For such big arrays I would expect float could be a lot faster (twice?) than double (can fit twice as many floats in a simd register and the cpu cache) but I don’t think it is possible to do that with stan right now. Not sure if there are any plans to allow different floating point arithmetic in stan but in some cases it could be quite useful.
You can choose various different floating point types in tensorflow, float (tf.float32) is by far the fastest on my gpu and is the default in tensorflow, though. If I have time I’ll try with double and run on my CPU later.
Maybe in PyStan. Data transfer can be expensive compared to L-BFGS in problems this size if done poorly. We found that in just reading data into RStan when evaluating optimization problems at this scale. The I/O was dwarfing the time to fit in L-BFGS.

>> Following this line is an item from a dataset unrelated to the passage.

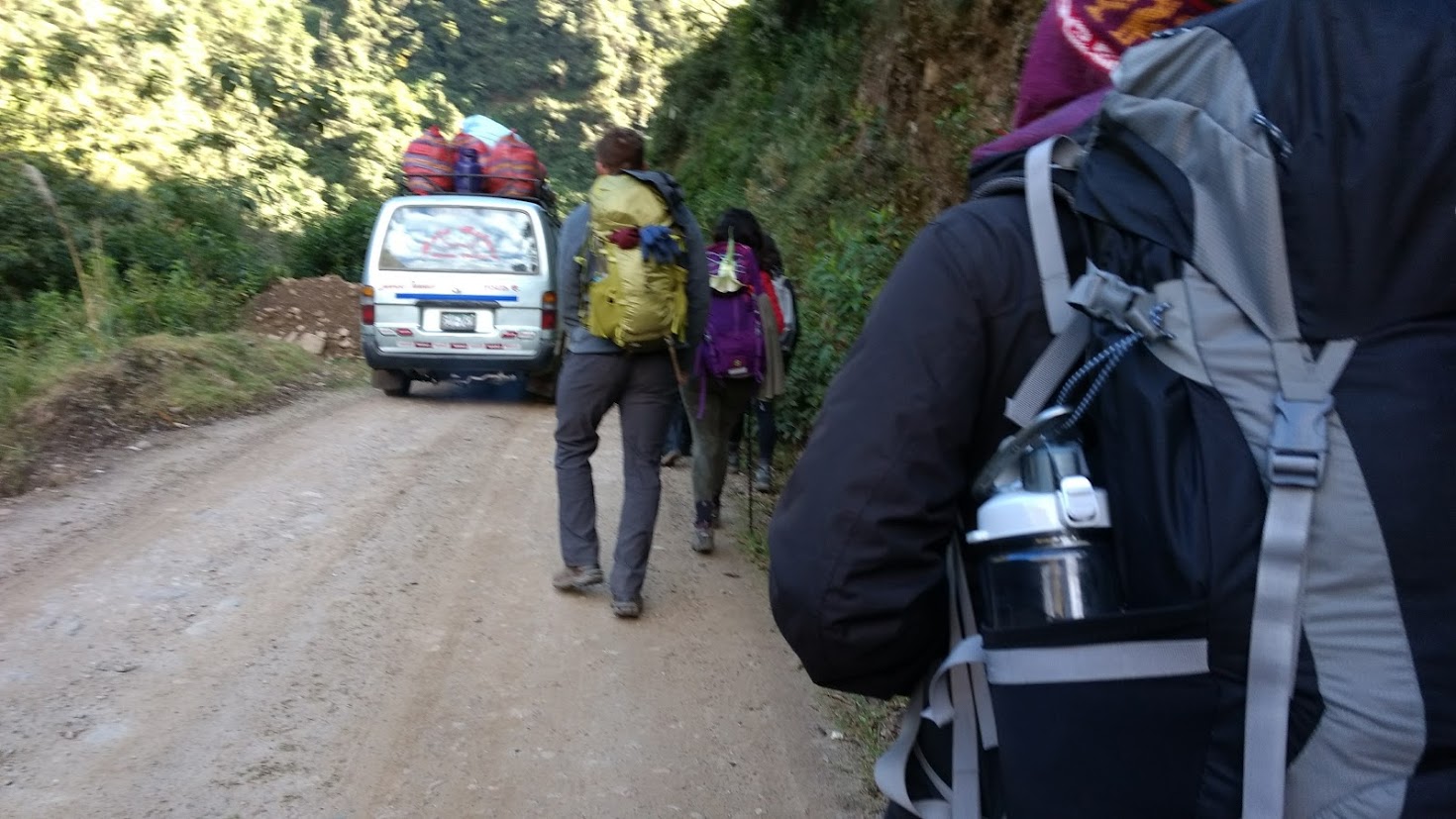 Corpo aquecido, arruma a cama e corre para o café da manhã. A caminhada do dia começou as 7:00, e logo após se distanciarmos um pouco do acampamento, o Sergio e eu ficamos um pouco desapontados…pois a caminhada até a parada para o almoço foi em uma estrada… com bastante movimento de vans.

I followed up on the Jeff Pollock’s original blog post. Running in RStan on my 2012 Macbook Pro, it takes about 60s. (I turned off the Hessian and sampling.)
I didn’t try running in CmdStan as that will almost certainly be I/O dominated just getting the data in (250 predictors for 1M items is roughly 1GB with double-precision arithmetic). At least that’s what I found last time I tried CmdStan.
You can try out the GPU-optimized bernoulli_logit_glm_lpdf if you don’t mind using cmdstan with an experimental Stan Math:
Logistic regression is actually one of the toy examples in the paper. I’m very interested in how this compares to TensorFlow on a single GPU. Experiments show that Stan GLMs on the GPU are about 50x faster than not using the GLM primitives and running on the CPU.
@rok_cesnovar, @stevebronder, what’s the ETA on all this being released in Stan Math? The GPU stuff will at some point in the near future be available through rstan?
add the var template to matrix_cl (I think Steve is close to finishing that branch, then I hope a week of iterating with reviews if we will be efficient)
add caching to matrix_cl with the double template type (the above two lines should make this step easier, the last caching branch was too confusing and difficult to review so Steve split this in three PRs)
add GPU GLMs one by one (these are ready and waiting, but need caching merged)
2.21 should definitely have GPU GLMs, estimating when they get merged to develop is a bit harder to do. So 2.21 should have all the feature we promised at the last Stancon + GLMs and cov_exp_quad.
Rstan 2.19 already has GPU support for cholesky_decompose (that was added for Stan Math 2.19).